(Beginning of Listed entries)

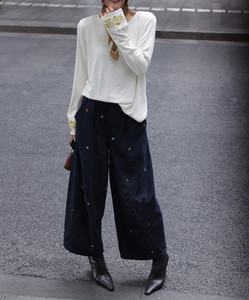 时尚套装2025秋季新中式设计云刺绣打底衫+宽松显瘦休闲裤两件套
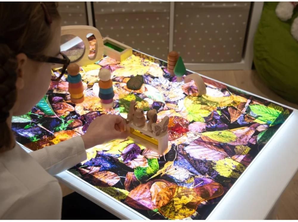 Mata do panelu A2 – Jesień Przenieś się w jesienną aurę pełną barwnych liści wraz z Matą do panelu A2 – Jesień . Ta niezwykła plansza zawiera bardzo szczegółowy obraz liści o różnorodnych kształtach i kolorach. Stanowi doskonałą bazę do odgrywania scen z użyciem drobnych elementów, np. kształtów i liter oraz figurek zwierząt, postaci, grzybków i pojazdów. Dziecko może wcielać się w różne role i stawać się bardziej kreatywne, co w przyszłości przyda mu się w rozwiązywaniu problemów. Zabawa Matą do panelu A2 – Jesień to dobry sposób na poszerzanie słownictwa dziecka w zakresie pór roku oraz przyrody. To również fantastyczna okazja do uczenia go budowania zdań w ciągu przyczynowo-skutkowym. Maluch doskonali w ten sposób zauważanie zależności między wydarzeniami oraz zdolność logicznego myślenia. Mata Jesień jest zaprojektowana tak, aby pasowała do panelu świetlnego A2. Ze względu na swoje półprzezroczyste właściwości sprawdza się szczególnie dobrze na panelu LED lub podświetlanym stole. Przenikające ją światło wydobywa i eksponuje obrazy na macie, a wybrane źródło koloru będzie miało różny wpływ na ich wygląd. Może zmieniać niektóre barwy scenerii, wzmacniać je albo nawet sprawiać, że niektóre elementy będą wydawały się fluorescencyjne. Zabawy świetlne to doskonały sposób na oswajanie dziecka z ciemnością oraz stymulowanie percepcji wzrokowej. Matą do panelu A2 – Jesień została wykonana z trwałego poliestru. Jest odporna na zużycie i łatwa do czyszczenia. [ikony-produktu-opisy] Co zawiera? 1 sztuka Główne informacje Wiek: 0+ Wymiary: 63,5 x 46 cm Materiał: poliester Wykonana z trwałego poliestru mata jest odporna na zużycie i łatwa do czyszczenia Pomysły na zabawę Obserwacja ze zmiennym źródłem światła: wzrok, słownictwo opisowe, rozróżnianie kolorów Mata po podświetleniu różnymi kolorami może zmieniać barwy wybranych elementów, uwypuklać je lub sprawiać, że staną się fluorescencyjne. Podświetlaj matę na panelu lub przy pomocy innego źródła światła. Zmieniaj jego kolory i zachęcaj dziecko do obserwacji oraz dzielenia się spostrzeżeniami. Znajdź przedmiot: percepcja wzrokowa, koncentracja uwagi Rozłóż matę na panelu i ją podświetl. Wybierz z dzieckiem elementy, które na niej umieścisz, np. figurki zwierząt, kamienie, liście, plastikowe grzyby itp. Ćwiczenie polega na zadawaniu dziecku poleceń dotyczących ukrytych w liściach przedmiotach, np. znajdź dwa muchomory, znajdź 3 kamyki itp.
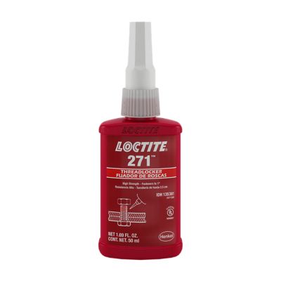 LOCTITE® 271 is a red, low viscosity, high strength, anaerobic-curing threadlocking adhesive for the prevention of fastener loosening due to heavy shock and vibration. It fluoresces under UV light – great for quality control.
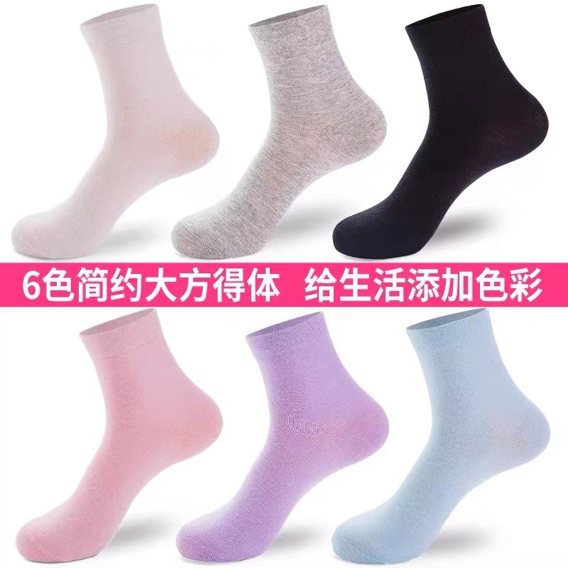 롱샤 양말 어린이 중간 길이 양말 사계절 한국식 아카데믹 스타일 여성용 순면 양말 트렌디 모든 매치 단색 심플 가을과 겨울 스타일스토어 가기
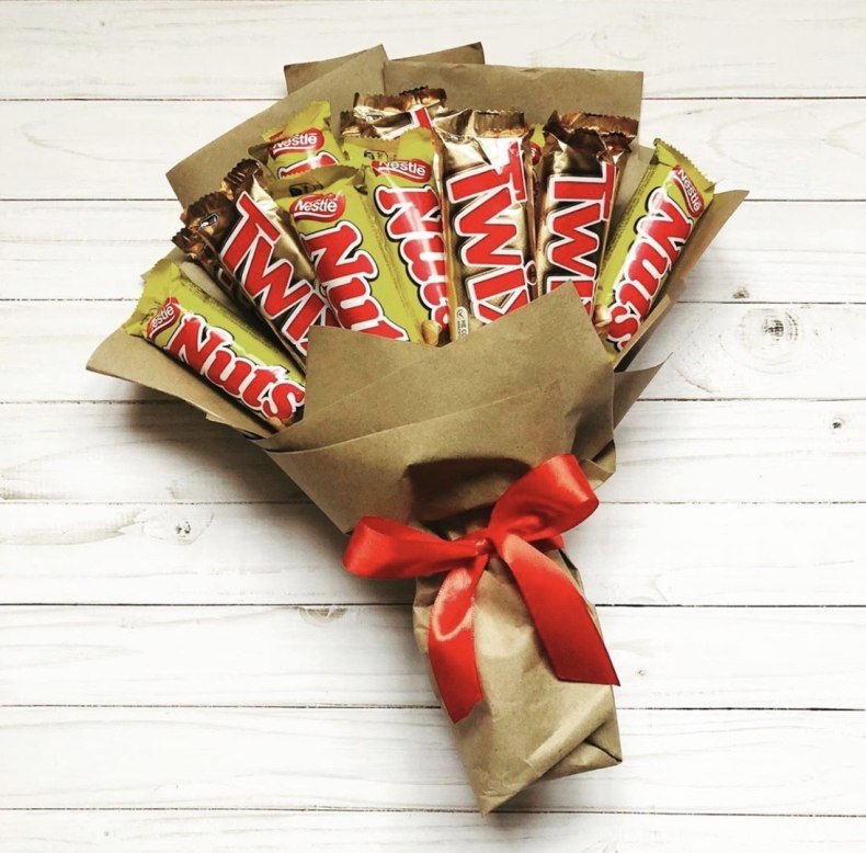 Каждому человеку по душе придется букет из еды. Девушкам и детям больше всего принесет радость сладкий букет из шоколадок, конфет и зефира, а сильной половине человечества придутся по душе корзинки, наполненные орешками, сушеной рыбкой, чипсами и так далее. «Полет фантазии» здесь может быть не ограничен.

(End of Listed entries)

* What is expected *
Starting with the line that holds "롱샤 양말 어린이 중간", retype each line through the last one in the listing above, exactly as written. Do not copy any pictures.

* Solution to the problem *
 롱샤 양말 어린이 중간 길이 양말 사계절 한국식 아카데믹 스타일 여성용 순면 양말 트렌디 모든 매치 단색 심플 가을과 겨울 스타일스토어 가기
 Каждому человеку по душе придется букет из еды. Девушкам и детям больше всего принесет радость сладкий букет из шоколадок, конфет и зефира, а сильной половине человечества придутся по душе корзинки, наполненные орешками, сушеной рыбкой, чипсами и так далее. «Полет фантазии» здесь может быть не ограничен.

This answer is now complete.